What’s pork belly trading?

pork bellyA pork belly is a boneless cut of fatty meat from the belly of a pig. Pork bellies can be salted and/or smoked to preserve them without the need for refrigeration (but nowadays freezing them is common). In the United States, trade in pork bellies really took off in the 19th century when as a lot of people moved into cities (thus not raising their own pigs anymore) and the expanding railroad system made it possible to transport pork bellies for a comparatively low cost.

On August 18, 1961, the first pork belly commodities futures contract was created by the Chicago Mercantile Exchange (MCE). Meat packers who processed and sold pork wanted a way to decrease their exposure to the volatility of the pork belly price and the volatility of the price of processed pork products, such as bacon. By using pork belly futures contract, they could manage risk and plan their business better. The unit of trading for these futures contracts was 20 short tons of frozen, trimmed pork bellies.
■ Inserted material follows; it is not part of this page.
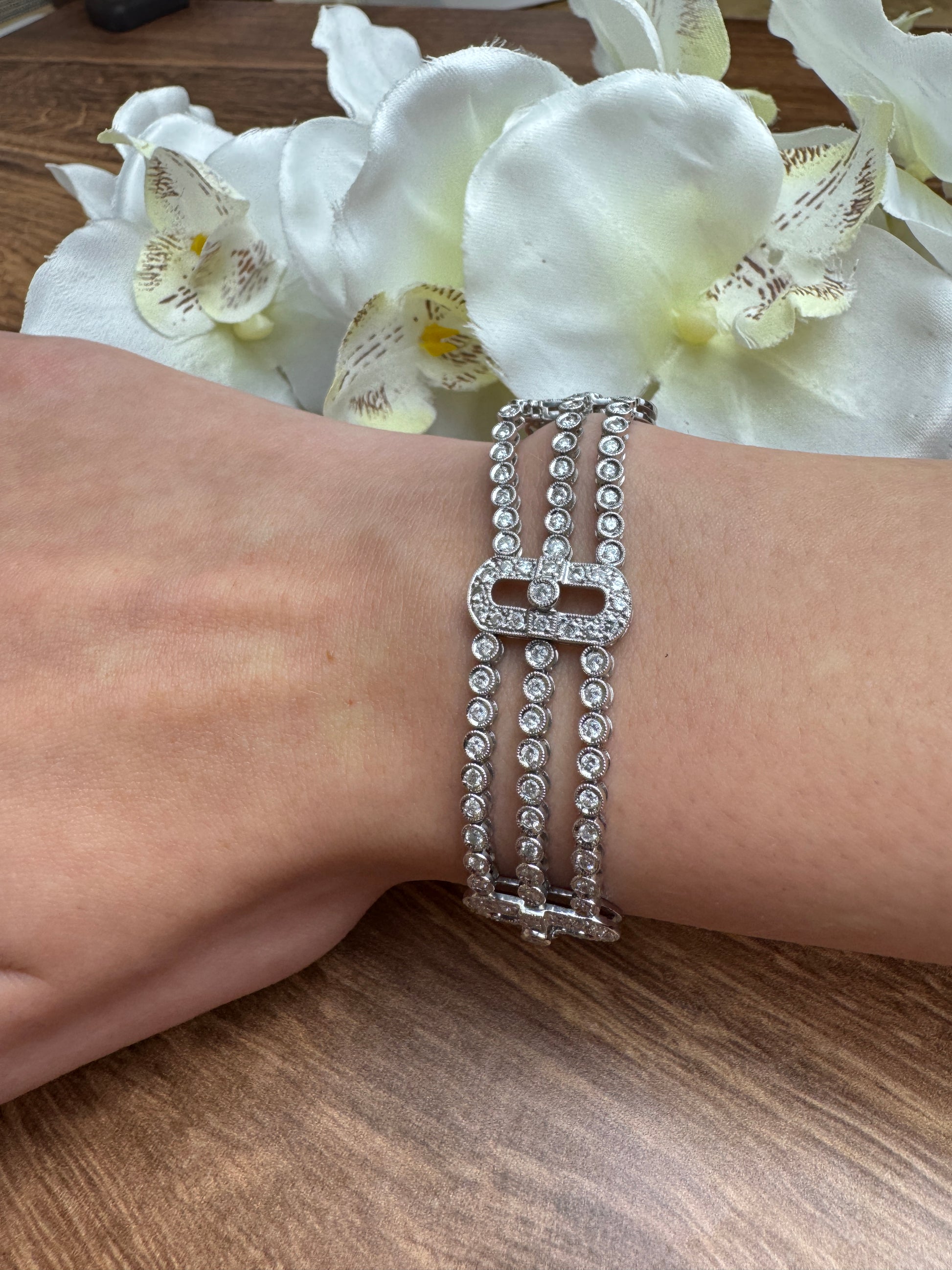 18k White Gold 3-Strand 4.2CT Diamond Bracelet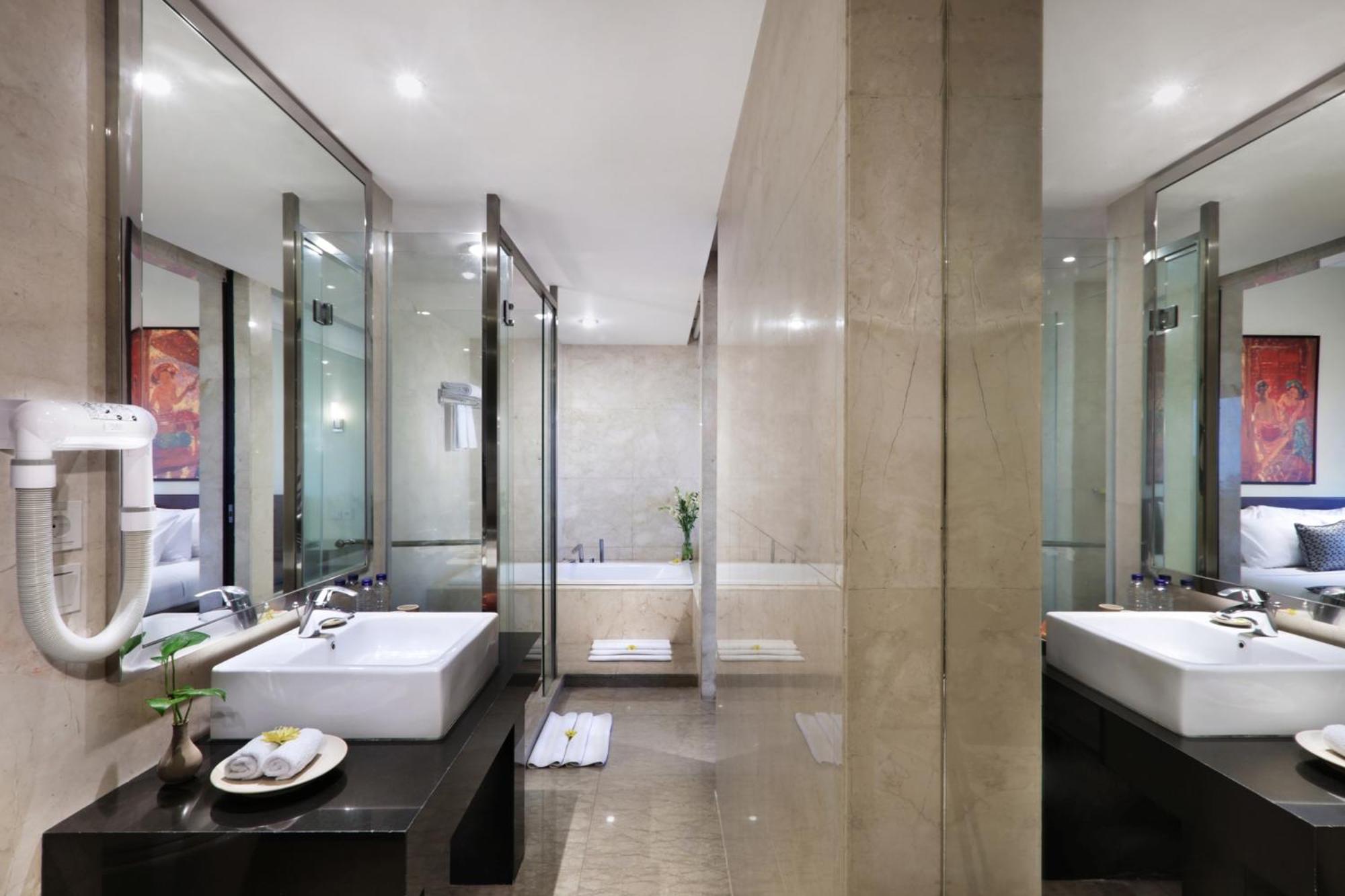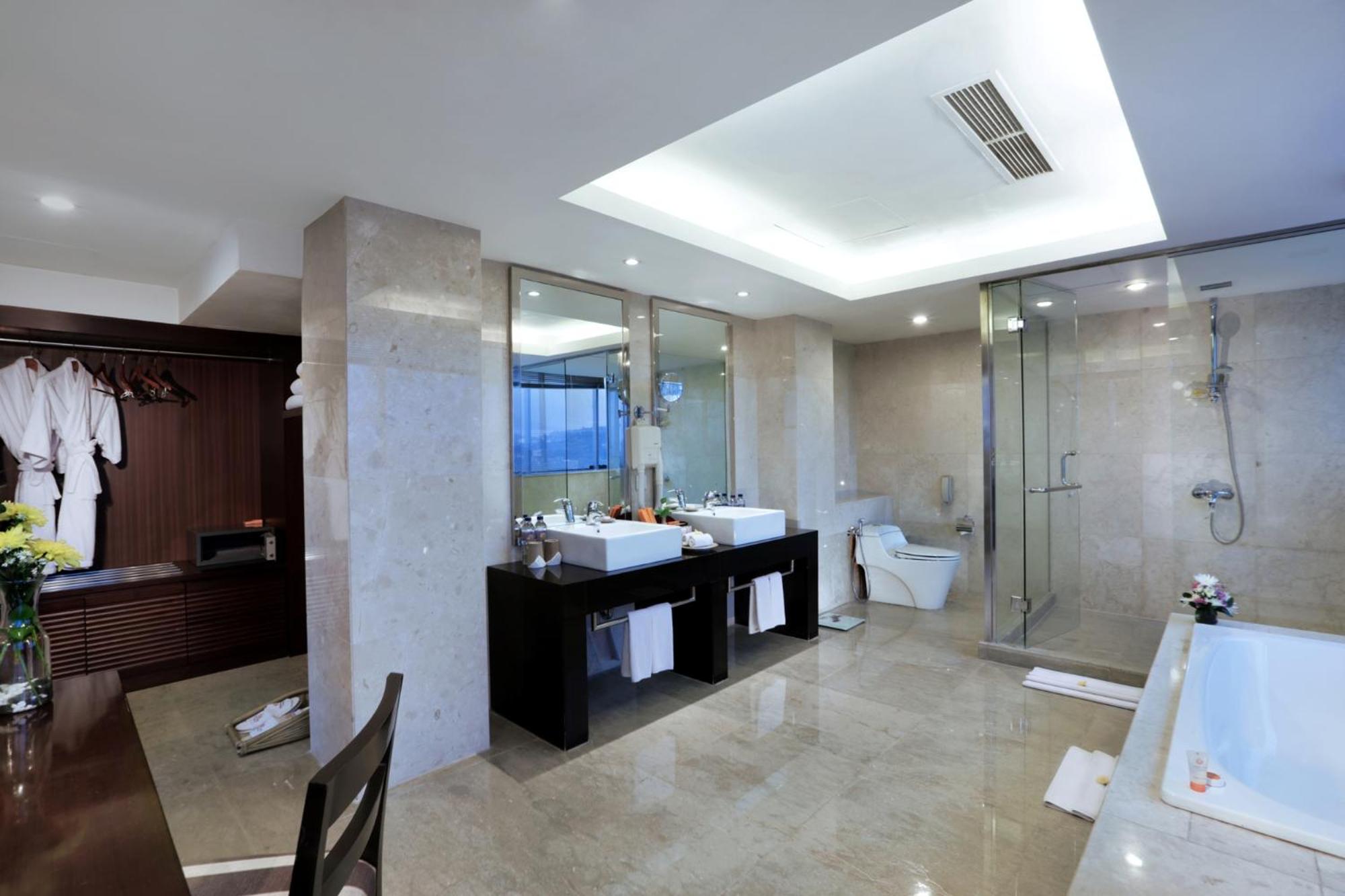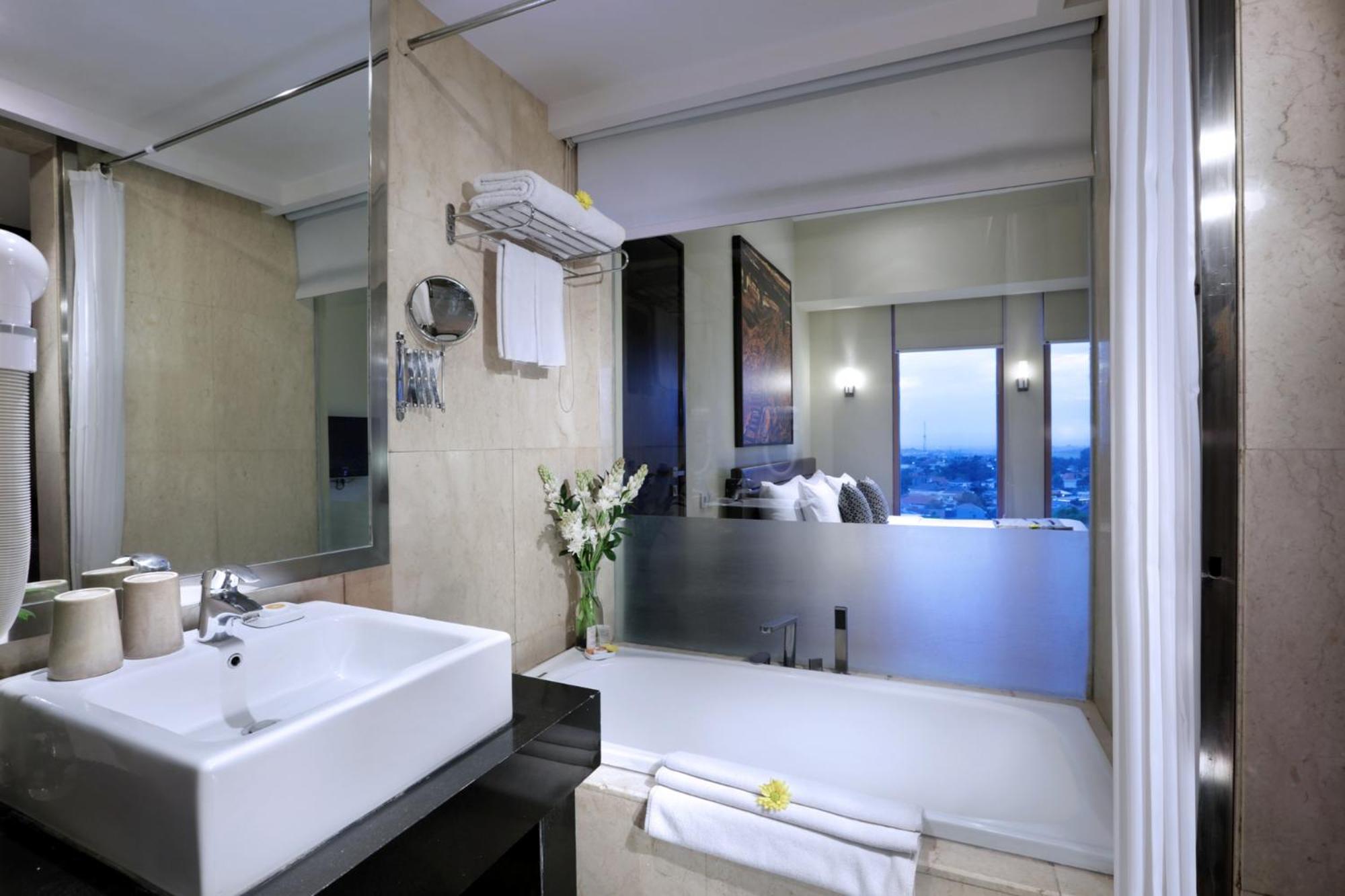 Grand Candi offers 5-star rooms with modern interiors, over-sized windows, and free internet. The air-conditioned rooms feature warm color schemes, local artwork, wooden flooring, and a flat-screen cable TV.

Trading in pork belly futures contracts

Futures contracts for pork belly are no longer traded on the Chicago Mercantile Exchange (CME) in the United States, but they are still traded on the Dalian Commodities Exchange (DCE) in China. They were delisted for trading at CME on July 18, 2011.

The spot price for pork belly tend to vary depending on seasonal demand for pork products, the amount of inventory held in storage and the cost of grain. (Grain is used to feed the pigs.)